Question 784570
{{{2(sin(x))^2+5sin(x)=3}}}
If you make a change of variable, it gets easier to write and easier to see the solution.
Substititing {{{y=sin(x)}}}, the equation turns into
{{{2y^2+5y=3}}}
You probably know what to do with that equation.
I would do this:
{{{2y^2+5y=3}}} --> {{{2y^2+5y-3=0}}} --> {{{(2y-1)(y+3)=0}}}
From that last, factored equation, we get two solutions in terms of {{{y}}}:
{{{2y-1=0}}} --> {{{2y=1}}} --> {{{y=1/2}}} and
{{{y+3=0}}} --> {{{y=-3}}}
In terms of {{{x}}}, {{{y=sin(x)=-3}}} makes no sense.

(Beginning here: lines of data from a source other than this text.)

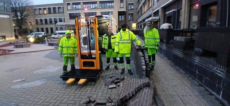 Enkele medewerkers van TWI herstelden recent een muurtje op de speelplaats van BuBaO
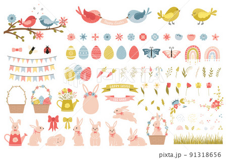 A set of cute decorative elements for Easter and spring. Flowers, birds, eggs, Easter bunnies, rainbows. Collection of cartoon decorative elements. Vector illustration isolated on a white background.
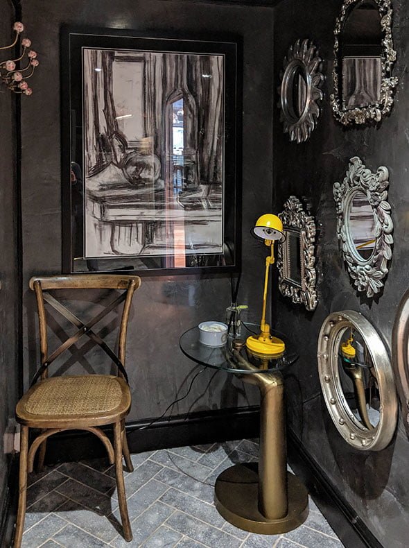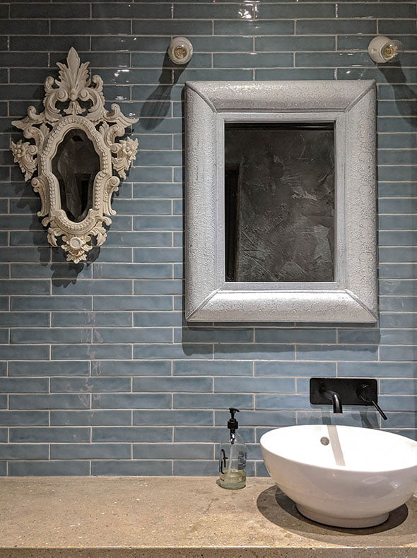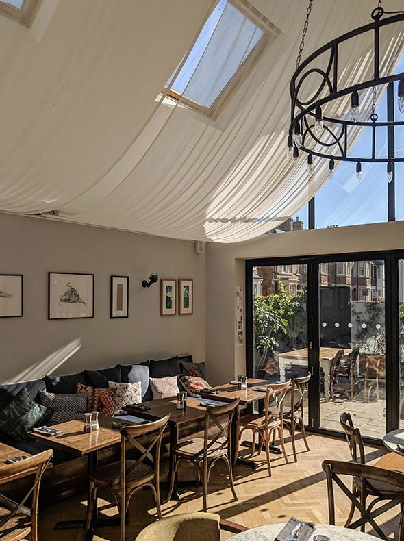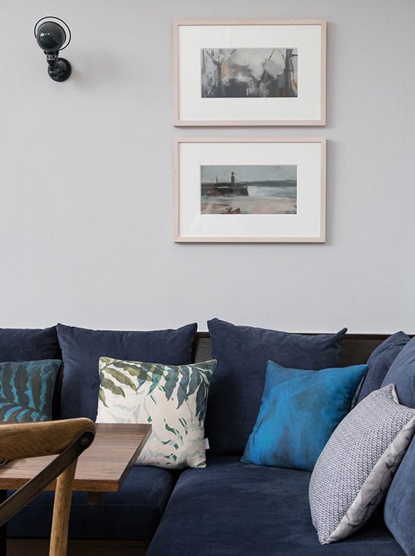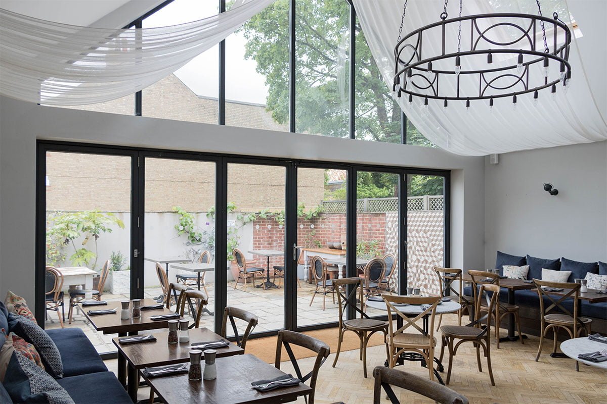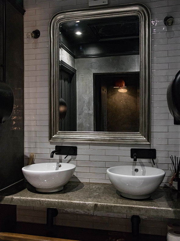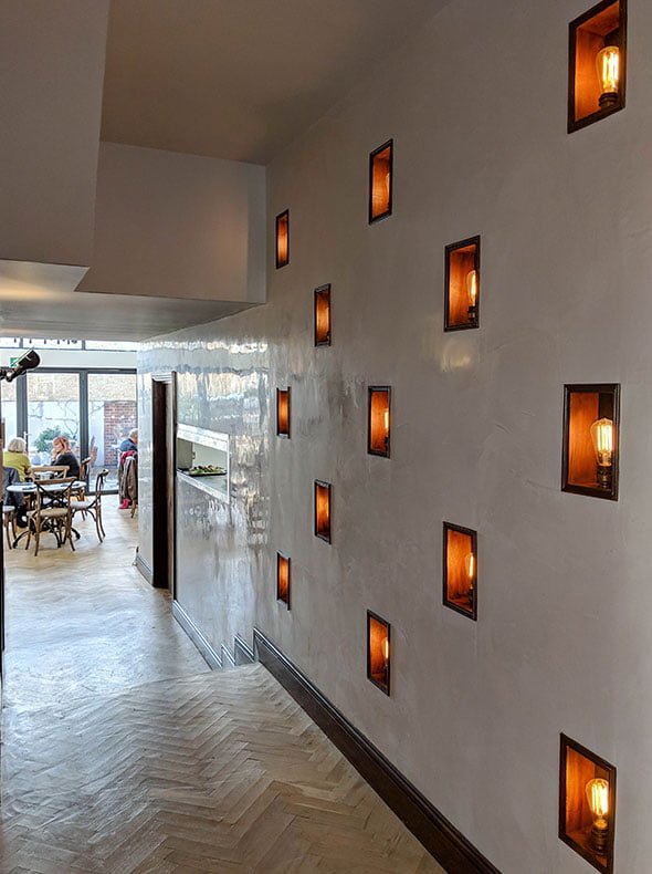 The colour palette was soft and light to reflect all of the natural light, particularly in the rear conservatory area which was to be used as a small art gallery for local artists. In contrast, we made the toilet area dark and textured with polished concrete vanity units and mock concrete floor tiles. Dark polished plaster was used in the bathroom lobby and WCs and light polished plaster in the corridor alongside, creating a real visual accent and a continuity to what otherwise would be a bland corridor. All the built-in furniture and shelving was designed to give the space character, along with the polished concrete bar top, tiled bar walls and fitted banquette seating.

On the other hand, from the other {{{y}}} value we get many values for {{{x}}}
{{{y=sin(x)=1/2}}}
To begin with, if we just stick to the first turn, with {{{0^o<=x<360^o}}}, we have 2 solutions: {{{highlight(30^o)}}} and {{{highlight(150^o)}}}, because
{{{sin(30^o)=1/2}}} and {{{sin(150^o)=1/2}}}
If using radians rather than degrees, for {{{0<=x<2pi}}}, the soluttions are {{{highlight(pi/6)}}} and {{{highlight(5pi/6)}}}, because
{{{sin(pi/6)=1/2}}} and {{{sin(5pi/6)=1/2}}}
If you are not restricted to the first turn, there are infinite solutions, because co-terminal angles have the same trigonometric function values, so that all the solutions could be written as
{{{(4k+1)90^o +- 60^o}}} or {{{(4k+1)pi/2 +- pi/3}}} for any integer {{{k}}}.
(Making {{{k=0}}} gives you the solutions in the first turn).